VIII. Recommendation
For the reasons set forth above, the undersigned recommends that the Court DENY Petitioner’s Motions for Summary Judgment (ECF Doc. 19) and a Stay (ECF Doc. 21), GRANT Respondent’s Motion to Dismiss (ECF Doc. 18), and DISMISS the Petition as untimely. DATE: June 30, 2025
/s/ Amanda M. Knapp AMANDA M. KNAPP UNITED STATES MAGISTRATE JUDGE OBJECTIONS Any objections to this Report and Recommendation must be filed with the Clerk of
Courts within fourteen (14) days after being served with a copy of this document. Failure to file objections within the specified time may forfeit the right to appeal the District Court’s order. See Berkshire v. Dahl , 928 F.3d 520, 530 (6th Cir. 2019); see also Thomas v. Arn , 474 U.S. 140 (1985).
[1] “Under the mailbox rule, a habeas petition is deemed filed when the prisoner gives the petition to prison officials for filing in the federal courts.” Cook v. Stegall , 295 F.3d 517, 521 (6th Cir. 2002) (citing Houston v. Lack , 487 U.S. 266, 273 (1988)). Mr. McCloud’s Petition was docketed on July 29, 2024 (ECF Doc. 1) and placed in the prison mailing system on July 18, 2024 ( id . at p. 15).
[2] Respondent informed the Court that he was not able to obtain a copy of this indictment. (ECF Doc. 18, p. 5, n. 4.)
[3] The August 16, 2022 motion to reconsider was originally docketed in separate proceedings relating to a Motion to Compel Preservation of Evidence proceedings. (ECF Doc. 18-1, pp. 274, 346 (showing the 8-16-2022 motion filed in 22CA011873, the docket for the Motion to Compel proceedings).) A magistrate later noted this as an error and ordered the clerk of courts to file the motion to reconsider in the correct case, 11CA009966, which contained Petitioner’s direct appeal and subsequent applications to reopen that appeal. ( See id . at pp. 281, 342-45.) The record does not contain a copy of the September 2022 motion to reconsider, but it appears on the docket for Case No. 11CA009966. ( Id . at p. 345.)

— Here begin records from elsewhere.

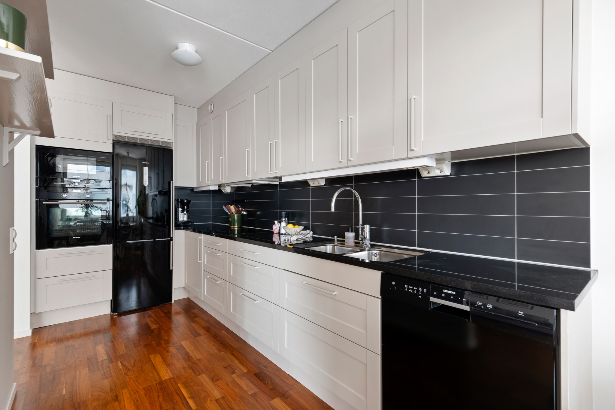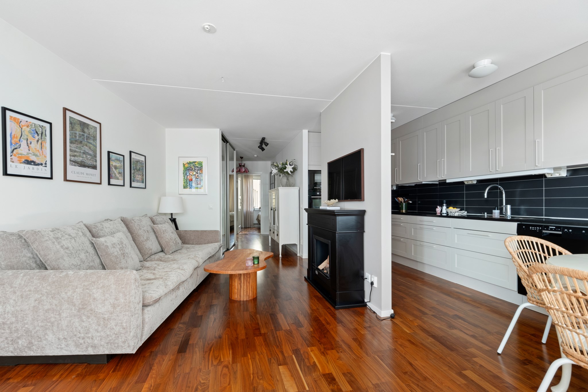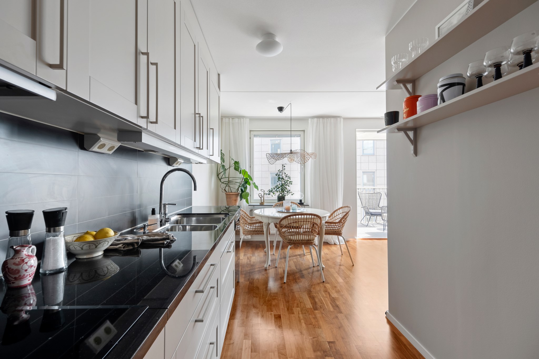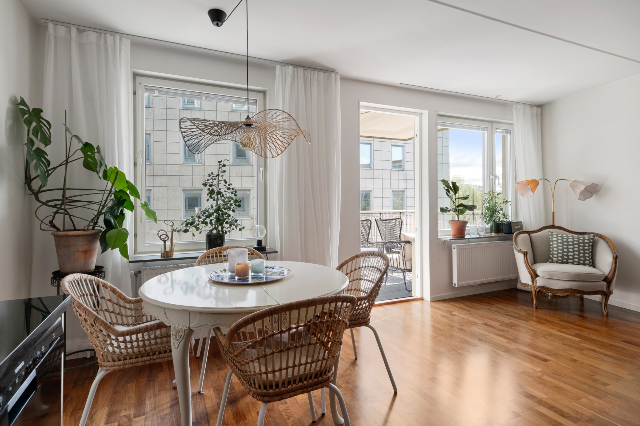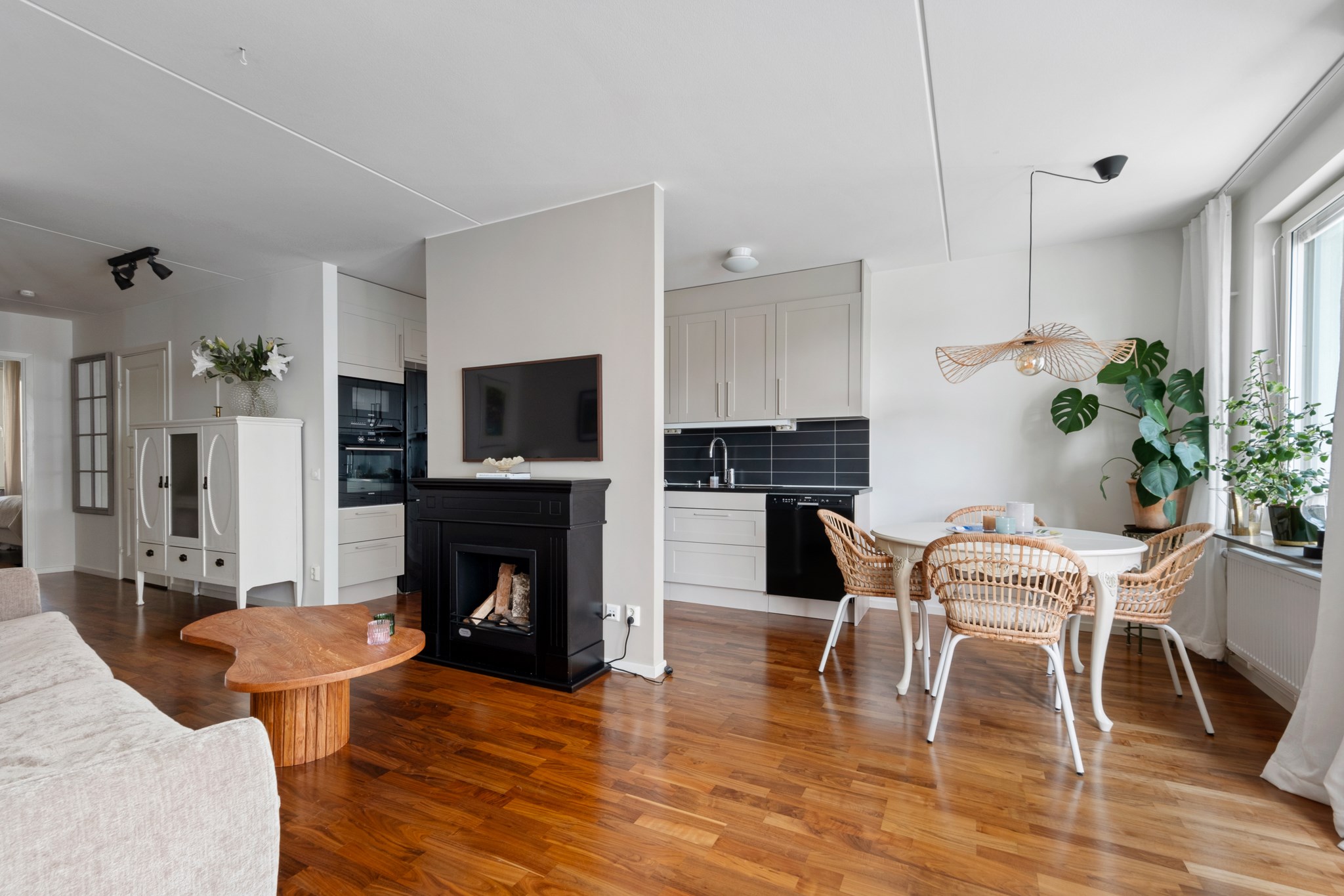 Lägenheten om 54 kvm bjuder på en genomtänkt och luftig planlösning som känns betydligt större i verkligheten. Det stilrena köket och det trivsamma vardagsrummet flyter samman i ett socialt och ljust rum där stora fönster släpper in dagsljuset från två väderstreck. Här finns gott om plats för både vardag och fest.
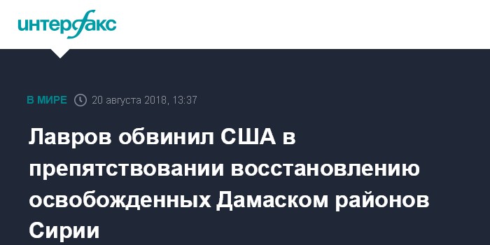 Москва. 20 августа. INTERFAX.RU - Соединенные Штаты препятствуют восстановлению районов Сирии, контролируемых правительством САР, заявил глава МИД РФ Сергей Лавров на пресс-конференции по итогам двусторонней встречи в главой внешнеполитического ведомства Ливана Джебраном Басилем.
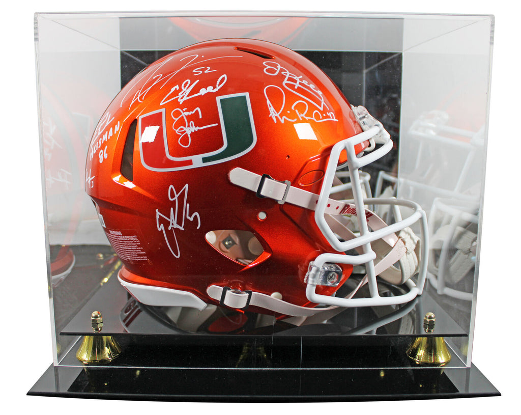 This Autographed Alternate Flash Riddell Full Size Speed Proline Helmet W/ Uv Mirrored Back Acrylic Display Case with the inscription of "HT 86 (Testaverde)" has been Personally Signed by Ray Lewis, Michael Irvin, Jim Kelly, Edgerrin James, Jimmy Johnson, Frank Gore, Ed Reed & Vinny Testaverde of the Miami Hurricanes. This item is 100% Authentic to include a hologram by Beckett Authentication Services. This item will come with an affixed Beckett Authentication Services (BAS) authentication sticker, which includes a scannable QR code to verify authenticity. Please note that Beckett no longer provides serial-numbered COA cards, and the attached BAS sticker will serve as the complete authentication for this item. This is a BAS Witnessed Protection Program item which means a Beckett Authentication Service representative was present when this item was being signed. We conducted an autograph signing with Ray Lewis, Michael Irvin, Jim Kelly, Edgerrin James, Jimmy Johnson, Frank Gore, Ed Reed & Vinny Testaverde where multiples of the same item were signed. While the photographs are representative of this item, the size, placement and strength of the signature may vary. Each item is hand signed, therefore, each autograph is unique. This item can be verified through BAS Witnessed.

[4] To the extent Mr. McCloud seeks to add a federal constitutional claim of “actual innocence” to his Petition, the Sixth Circuit notes that “the Supreme Court has not decided whether actual innocence is a substantive ground for relief,” and that actual innocence arguments are typically used instead as “a ‘gateway’ by which a petitioner may belatedly file other constitutional and federally cognizable claims.” Hubbard v. Rewerts , 98 F.4th 736, 742-43 (6th Cir. 2024), cert. denied sub nom. Hubbard v. Tanner , 145 S. Ct. 1201, (2025) (citing McQuiggin v. Perkins , 569 U.S. 383, 393 (2013)). Alternately, if Mr. McCloud is arguing “actual innocence” only as a “gateway . . . to have his otherwise barred constitutional claim considered on the merits”—i.e., as a reason to toll the statute of limitations, see Schlup v. Delo , 513 U.S. 298, 316 (1995) (quoting Herrera v. Collins , 506 U.S. 390, 404 (1993))—there is no need for him to exhaust state court remedies, which makes a stay and abeyance under Rhimes unnecessary. See generally McQuiggin , 569 U.S. at 395 (noting that AEDPA’s bar on evidentiary hearings “includes an exception for prisoners who present new evidence of their innocence”) (citing 28 U.S.C. §§ 2254(e)(2)(A)(ii), (B)).
[5] Petitioner asserts that there is no order denying his Motion to Reconsider as untimely, suggesting this means his application to reopen his appeal was granted, and he filed a “proper appeal.” (ECF Doc. 21, pp. 8-9.) While a copy of the judgment entry disposing of the Motion to Reconsider was not initially included in the state court record, Respondent was able to obtain a copy and submitted it as a supplement to the state court record. (ECF Doc. 23.)
[6] Although the content of Mr. McCloud’s memorandum to the Supreme Court of Ohio referenced subject matter similar to his App. R. 26(B) filings, he used the case number for his appeal of the denial of his post-conviction Motion to Compel, not the case number for his direct appeal and related App. R. 26(A) and 26(B) applications. (ECF Doc. 18-1, pp. 289-308.) The appeal was also timely only as to the appellate court’s decision on his Motion to Compel, for which the state court denied reconsideration on May 15, 2023 ( id. at p. 288) but would not have been timely as to any of the state court denials of his direct appeal or App. R. 26(B) applications.